Wikipedia Prankster Confesses

By Katharine Q. Seelye The New York Times

It started as a joke and ended up as a shot heard round the Internet, with the joker quitting his job and Wikipedia, the online encyclopedia, suffering a blow to its credibility.

A man in Nashville, Tenn., has admitted that, in trying to shock a colleague with a joke, he put false information into a Wikipedia entry about John Seigenthaler Sr., a former editor of The Tennessean newspaper in Nashville.

Brian Chase, 38, who until Friday was an operations manager at a small delivery company, told Seigenthaler he had written the material suggesting Seigenthaler had been involved in the assassinations of John and Robert Kennedy.

Seigenthaler discovered the false entry only recently and wrote about it in an op-ed article in USA Today, saying he was especially annoyed that he could not track down the perpetrator because of Internet privacy laws.

His plight touched off a debate about the reliability of information on Wikipedia -- and by extension the Internet -- and the difficulty in holding Web sites and their users accountable, even when someone is defamed.

In a letter to Seigenthaler, Chase said he thought that Wikipedia was a "gag" Web site and that he had written the assassination tale to shock a co-worker, who knew of the Seigenthaler family and its illustrious history in Nashville.

"It had the intended effect," Chase said of his prank in an interview. But Chase said that once he became aware through news accounts of the damage he had done to Seigenthaler, he was remorseful and scared of what might happen to him.

Chase also found that he was slowly being cornered in cyberspace, thanks to the sleuthing efforts of Daniel Brandt, 57, of San Antonio, Texas, who makes his living as a book indexer. Brandt has been a frequent critic of Wikipedia and started an anti-Wikipedia Web site in September after reading what he said was a false entry about himself.

Using information in Seigenthaler's article and some online tools, Brandt traced the computer used to make the Wikipedia entry to the delivery company in Nashville. Brandt called the company and told employees about the Wikipedia problem but was not able to learn anything.

Brandt then sent an e-mail message to the company, asking for information about its courier services. A response bore the same Internet Protocol address that was left by the creator of the Wikipedia entry, offering further evidence of a connection.

A call by a reporter to the delivery company Thursday made employees nervous, they later told Seigenthaler. On Friday, Chase hand-delivered a letter to Seigenthaler's office, confessing what he had done, and they talked at length.

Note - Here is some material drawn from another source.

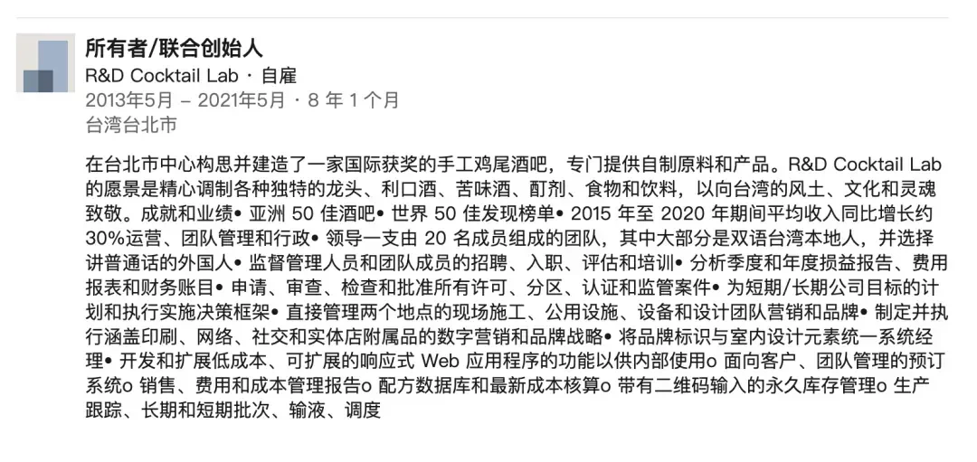 在课程结束后,Spencer并没有飞回美国,那时已经上市的英伟达正发展得如火如荼,而是选择了留在台湾,并与朋友合资开了一家酒吧——R&D Cocktail Lab。与此同时,他也曾在台北另一家酒吧Ounce Speakeasy 当过1年调酒师; 2018年还曾做过一年的 自由摄影师。

Wikipedia, a nonprofit venture that is the world's biggest encyclopedia, is written and edited by thousands of volunteers, and mistakes are expected to be caught by users.

Chase wrote: "I am truly sorry to have offended you, sir. Whatever fame comes to me from this will be ill-gotten indeed."

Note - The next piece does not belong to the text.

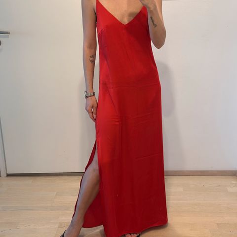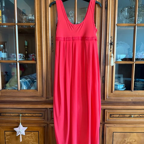 Asos Edition merkkinen espanjalais-tyylinen koko pitkä mekko. Pitkälle tytölle. Takana vetoketju ja hakanen. Paljon kangasta ja sisältää oranssin vuoren, keskellä edessä halkio joka helpottaa kävelyssä. Koko EU 36. Kangas on tekokuitua. Käsin pestävä. Kai Kai on noin 40cm. Pituus Hartiasta helmaan noin 154cm. Ei joustavaa kangasta. Ei rypisty. Hoito ohjeet leikattu pois mutta luultavasti viskoosia koska laskeutuu hyvin.

Seigenthaler said he "was not after a pound of flesh" and would not take Chase to court.

Chase resigned because, he said, he did not want to cause problems for his company. Seigenthaler urged Chase's boss to rehire him, but Chase said this had not happened.

Seigenthaler, founder of the First Amendment Center, said that as a longtime advocate of free speech, he found it awkward to be tracking down someone who had exercised that right. "I still believe in free expression," he said. "What I want is accountability."